By unraveling the mechanisms at play after the absorption of a photon, the project aims at documenting how the electronic energy is eventually used (isomerization, chemical reaction) or released (light emission, thermal conversion) by the system; these processes being also of paramount importance in many field of applied research. In addition, the project promotes advances in technical developments, namely in modeling the fate of the energy absorbed, which has potential applications in fields as diverse as photochemistry, biology or material sciences.
¿ Nonadiabatic dynamics simulations (Excited state and conical intersection) : As the low-lying excited states of different nature of these systems need to be described simultaneously in a balanced and accurate way, an innovative theoretical approach has been developed. First, non-adiabatic dynamic simulations based on time-dependent density functional theory (TDDFT) have been performed to provide hints about the critical motions driving the deactivation. Second, the pathways have been then investigated at a better level of theory with the standard coupled cluster method to second order (CC2).
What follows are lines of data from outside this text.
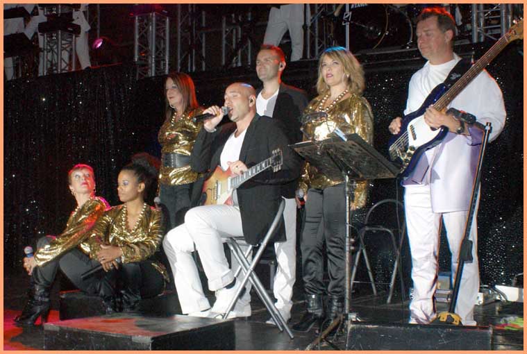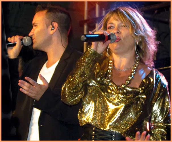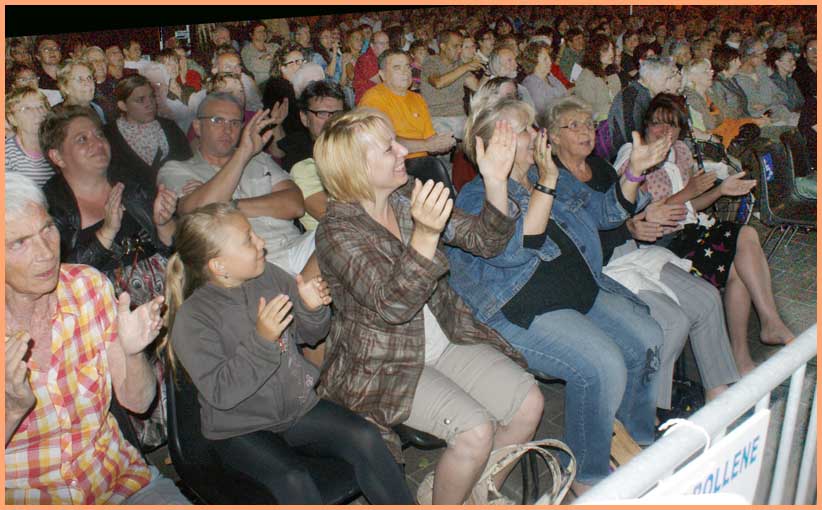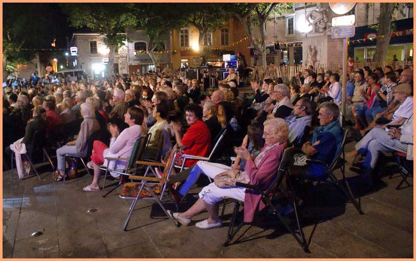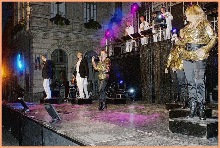 Pour l’heure, un hommage appuyé à Joe Dassin (1938-1980) était proposé par la Compagnie Patrice Péricard, dont l’artillerie lourde pourvoit à la réactualisation des succès d’antan, comme nous l’explique un responsable en coulisses : « Nos spectacles sont axés sur différentes décennies et vedettes de la chanson française. Pour Bollène, nous avons choisi Joe Dassin avec un orchestre, des chanteurs et danseurs, de nombreux costumes et décors pour des sketches, tels que celui qui se déroule dans une boulangerie pour le fameux petit pain au chocolat. »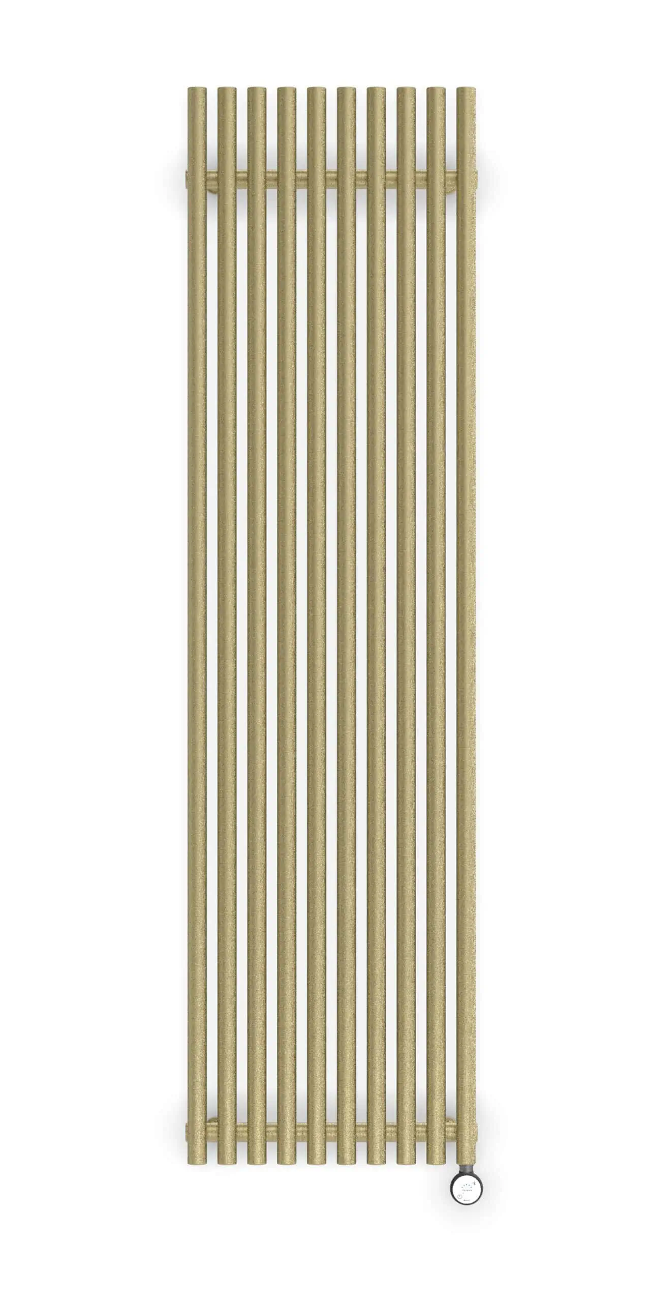 Smooth brushed brass, oil filled, 23mm cylindrical slim bars, electric radiator, supplied pre fitted with the Terma MOA Blue heating element – fully thermostatic (internal or ambient room temperature) and full operational control and 7 day timer via Bluetooth from smartphone/tablet (android/iOS only).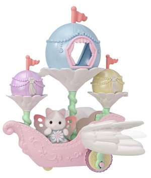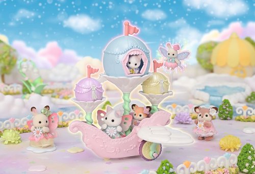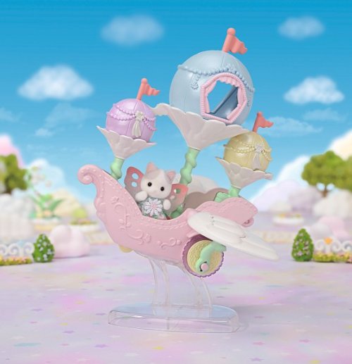 Létající loď květinových víl vás zve na cestu do nebeského, magického světa. Sada obsahuje roztomilou figurku miminka Pino Fontana z rodiny Latte koček v kostýmu květinové víly. Létající vozidlo je vybaveno křídly, která se pohybují nahoru a dolů, když vozidlo jede po rovině. Vozidlo pojme několik baby figurek, přičemž jednu z nich lze připevnit na speciální úchyt, což vytváří dojem, že figurka se vznáší nad vozidlem. V květinových kalichách, které vyrůstajících přímo z vozidla se nacházejí barevné balónky, z nichž jeden slouží jako komnata, do které se vejde figurka květinové víly Sylvanian Families. Létající vozidlo může být skvělým nápadem na dekoraci domu nebo bytu. Hračky Sylvanian Families podporují představivost a vybízejí děti k hraní rolí. Hra s figurkami rozvíjí kreativitu a učí emocím vytvářením a vyprávěním příběhů založených na každodenních zážitcích a pozorování světa. Vyznačují se nejvyšší kvalitou a výjimečným důrazem na detaily. Figurky Sylvanian Families mají pohyblivé končetiny a hlavu. Baleno v krabičce. Rozměry balení: 18 x 20 x 12,5 cm. Věk: 3+

Finally, in order to validate the standard method, an original multireference wavefunctions method in localized orbitals has been extended and applied to these systems.
° Conformer-selective laser spectroscopies (IR-UV/UV, IR in helium droplet) : From the experimental side, the IR/UV double resonance and time-resolved UV/UV spectroscopies are used to obtain crossed-checked information about structure and dynamics. Beyond the nano- and picosecond regimes, exploratory studies at the femtosecond regime were conducted to treat ultra-short-lived excited states. Besides, for systems devoid of a near-UV chromophore, IR spectroscopy in helium droplets has been developed and applied to a series of flexible molecules in order to detect the whole conformational population.